As of December 31, 2012, Universal held cash and cash equivalents totaling $2.6 million and marketable securities totaling $10.0 million. Outstanding debt as of December 31, 2012 totaled $146.0 million. The aggregate debt balance reflects $149.1 million of secured borrowings on October 1, 2012 incurred in connection with the acquisition of LINC Logistics Company, net cash provided by operating activities in the fourth quarter of 2012, capital expenditures in the period totaling $9.6 million, proceeds from the sale of marketable securities totaling $1.3 million, and a net working capital purchase price adjustment totaling $10.1 million that we paid to LINCs shareholders in November 2012 in accordance with the LINC merger agreement.
Conference call:
We invite you to participate in a conference call on Monday, February 25, 2013 at 10:00 a.m. Eastern Time where management will discuss 2012 financial performance. Hosting the call will be Scott Wolfe, Chief Executive Officer and David Crittenden, Chief Financial Officer.
To participate: Please call (877) 866-3199 (toll free) or (660) 422-4956 (toll) and provide conference ID 14880634.

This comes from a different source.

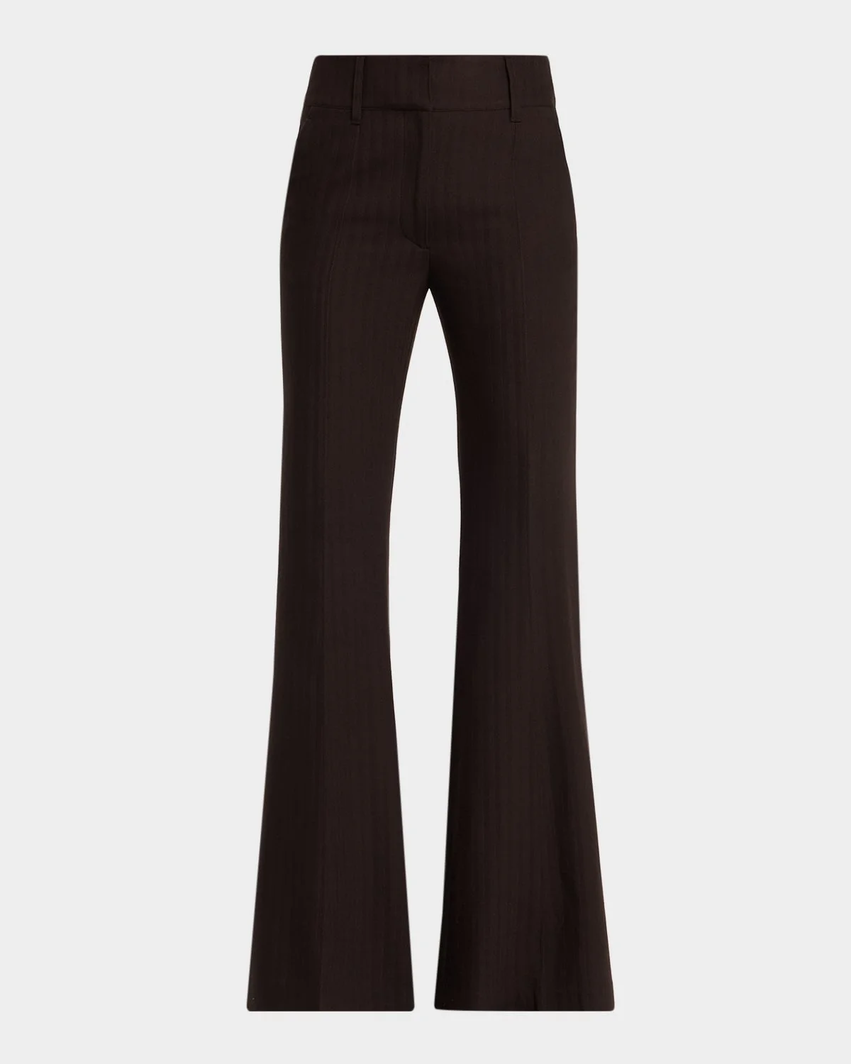 Gabriela Hearst "Rhein" pants are crafted from herringbone wool with front and back seams High rise Side slip pockets Back welt pockets Flared legs Full length Hook/zip fly; belt loops Virgin wool Made in Italy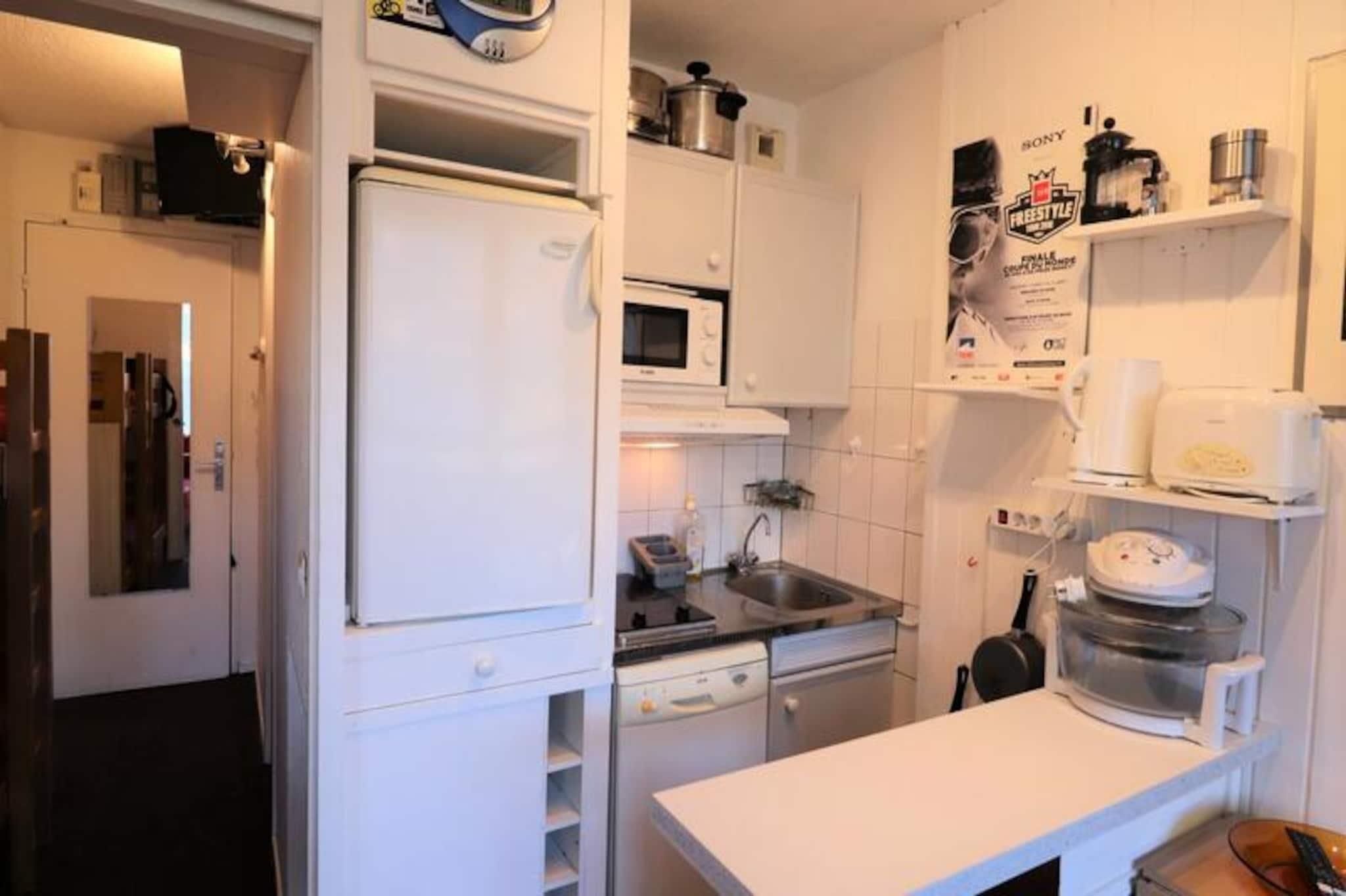Højt over det glitrende vand i Chevril-søen tilbyder dette hyggelige studie i Tignes Le Lavachet et dejligt alpint tilflugtssted for rejsende, der søger både eventyr og afslapning. Med sin førsteklasses beliggenhed i hjertet af landsbyen befinder du dig kun få skridt fra pisterne og de lokale butikker, hvilket gør det til et ideelt valg for skientusiaster og dem, der ønsker at fordybe sig i den pulserende bjergatmosfære. Den nordvendte balkon tilbyder en betagende udsigt over søen og de omkringliggende tinder og skaber en rolig kulisse for din ferie. \n\nIndenfor er det 21 m² store studie omhyggeligt designet til at rumme op til fire gæster. Entréhallen har en køjeseng, der er perfekt til børn eller venner, mens stuen kan prale af en komfortabel sovesofa og et fjernsyn til hyggelige aftener efter en dag på pisterne. Tekøkkenet er udstyret med moderne faciliteter, herunder keramisk kogeplade, mikrobølgeovn/grill, opvaskemaskine og endda en vaskemaskine, hvilket sikrer et bekvemt og stressfrit ophold. Badeværelset, komplet med toilet, bidrager til den praktiske anvendelighed af dette charmerende rum. \n\nResidensen tilbyder også et skirum i stueetagen, hvilket gør det nemt at opbevare dit udstyr og tage direkte ud på pisterne. Om vinteren kan gæsterne benytte sig af rabat på liftkort til Tignes og Val d'Isère, mens sommeren bringer spændingen ved My Tignes-kortet, der giver adgang til en række aktiviteter og eventyr i området. Uanset om du står på ski, vandrer eller blot nyder den alpine skønhed, er Tignes Le Lavachet den perfekte base for uforglemmelige minder. \n\nMed kæledyrsvenlig indkvartering og yderligere tjenester som Wi-Fi, parkering og slutrengøring sikrer dette studie en problemfri og fornøjelig oplevelse for alle. Lad de majestætiske bjerge og den rolige søudsigt inspirere din næste ferie til de franske alper.

To listen to an audio replay: Please call (855) 859-2056 (toll free) or (404) 537-3406 (toll) and enter conference ID 14880634, or locate the link in the investor page at: www.goutsi.com. Audio replay is available through March 25, 2013.
About Universal:
Universal Truckload Services, Inc. is a leading asset-light provider of transportation, value-added and intermodal services throughout the United States, Canada and Mexico. Our transportation services include dry van, flatbed, heavy haul, dedicated, refrigerated, shuttle and switching operations as well as full service domestic and international freight forwarding, customs brokerage, final mile and ground expedite. We offer our customers brokerage transportation for greater service options and additional capacity. Our custom-developed value-added services include material handling, consolidation, sequencing, sub-assembly, cross-dock services, kitting, repacking, warehousing and returnable container management. Intermodal operations include rail-truck, steamship-truck and support services.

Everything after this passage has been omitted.